___ Supplied data ___

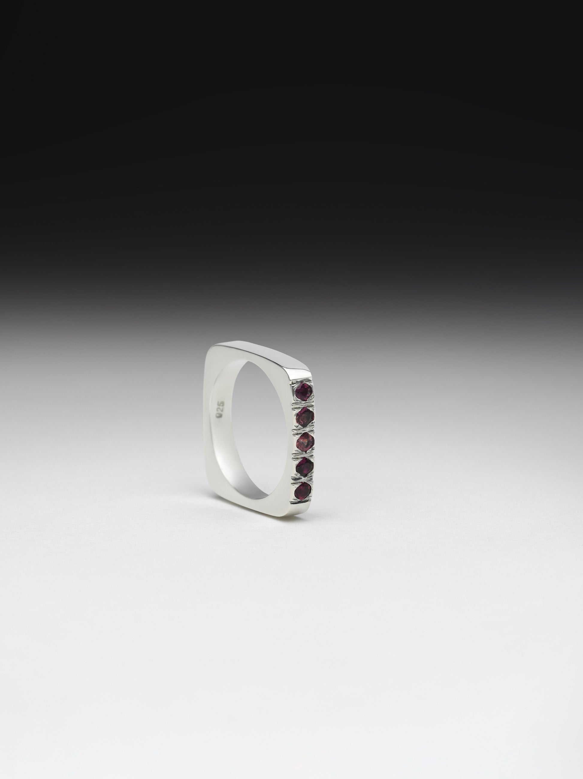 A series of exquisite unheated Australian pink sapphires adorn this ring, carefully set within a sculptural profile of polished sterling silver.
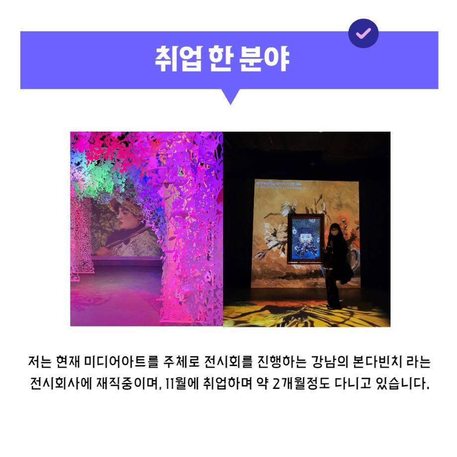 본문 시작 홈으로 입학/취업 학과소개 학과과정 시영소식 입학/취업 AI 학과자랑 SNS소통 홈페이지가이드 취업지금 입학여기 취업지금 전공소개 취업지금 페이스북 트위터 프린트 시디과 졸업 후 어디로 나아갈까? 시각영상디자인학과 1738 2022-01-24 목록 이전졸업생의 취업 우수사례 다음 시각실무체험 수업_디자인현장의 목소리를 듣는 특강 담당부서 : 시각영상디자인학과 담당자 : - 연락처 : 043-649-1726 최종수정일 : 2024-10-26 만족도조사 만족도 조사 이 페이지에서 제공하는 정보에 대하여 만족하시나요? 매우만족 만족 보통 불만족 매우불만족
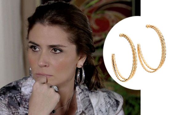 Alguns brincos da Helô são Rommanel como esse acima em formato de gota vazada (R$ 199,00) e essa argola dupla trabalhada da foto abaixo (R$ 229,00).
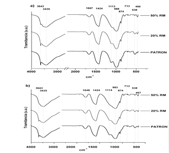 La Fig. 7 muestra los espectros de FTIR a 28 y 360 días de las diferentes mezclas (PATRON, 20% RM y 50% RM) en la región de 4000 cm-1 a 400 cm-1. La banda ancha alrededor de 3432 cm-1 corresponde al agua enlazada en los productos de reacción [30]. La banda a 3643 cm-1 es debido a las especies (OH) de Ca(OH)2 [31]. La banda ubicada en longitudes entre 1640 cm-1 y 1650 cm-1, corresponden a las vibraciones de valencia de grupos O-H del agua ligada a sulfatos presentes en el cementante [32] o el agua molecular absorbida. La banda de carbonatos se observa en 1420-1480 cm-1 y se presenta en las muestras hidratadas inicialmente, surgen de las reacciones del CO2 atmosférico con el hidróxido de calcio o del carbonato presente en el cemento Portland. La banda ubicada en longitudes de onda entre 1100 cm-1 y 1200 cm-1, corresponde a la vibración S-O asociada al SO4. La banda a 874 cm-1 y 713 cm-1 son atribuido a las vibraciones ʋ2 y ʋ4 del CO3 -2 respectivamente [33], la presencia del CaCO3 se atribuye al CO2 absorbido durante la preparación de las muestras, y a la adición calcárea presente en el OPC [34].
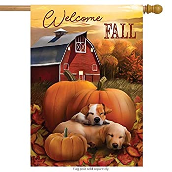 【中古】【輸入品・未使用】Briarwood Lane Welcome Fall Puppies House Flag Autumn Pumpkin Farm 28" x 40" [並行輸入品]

___

When you transcribe the entries above, begin at their first line, end with the line containing "Alguns brincos da", and copy each line exactly without any picture.

■ **Output**
 A series of exquisite unheated Australian pink sapphires adorn this ring, carefully set within a sculptural profile of polished sterling silver.
 본문 시작 홈으로 입학/취업 학과소개 학과과정 시영소식 입학/취업 AI 학과자랑 SNS소통 홈페이지가이드 취업지금 입학여기 취업지금 전공소개 취업지금 페이스북 트위터 프린트 시디과 졸업 후 어디로 나아갈까? 시각영상디자인학과 1738 2022-01-24 목록 이전졸업생의 취업 우수사례 다음 시각실무체험 수업_디자인현장의 목소리를 듣는 특강 담당부서 : 시각영상디자인학과 담당자 : - 연락처 : 043-649-1726 최종수정일 : 2024-10-26 만족도조사 만족도 조사 이 페이지에서 제공하는 정보에 대하여 만족하시나요? 매우만족 만족 보통 불만족 매우불만족
 Alguns brincos da Helô são Rommanel como esse acima em formato de gota vazada (R$ 199,00) e essa argola dupla trabalhada da foto abaixo (R$ 229,00).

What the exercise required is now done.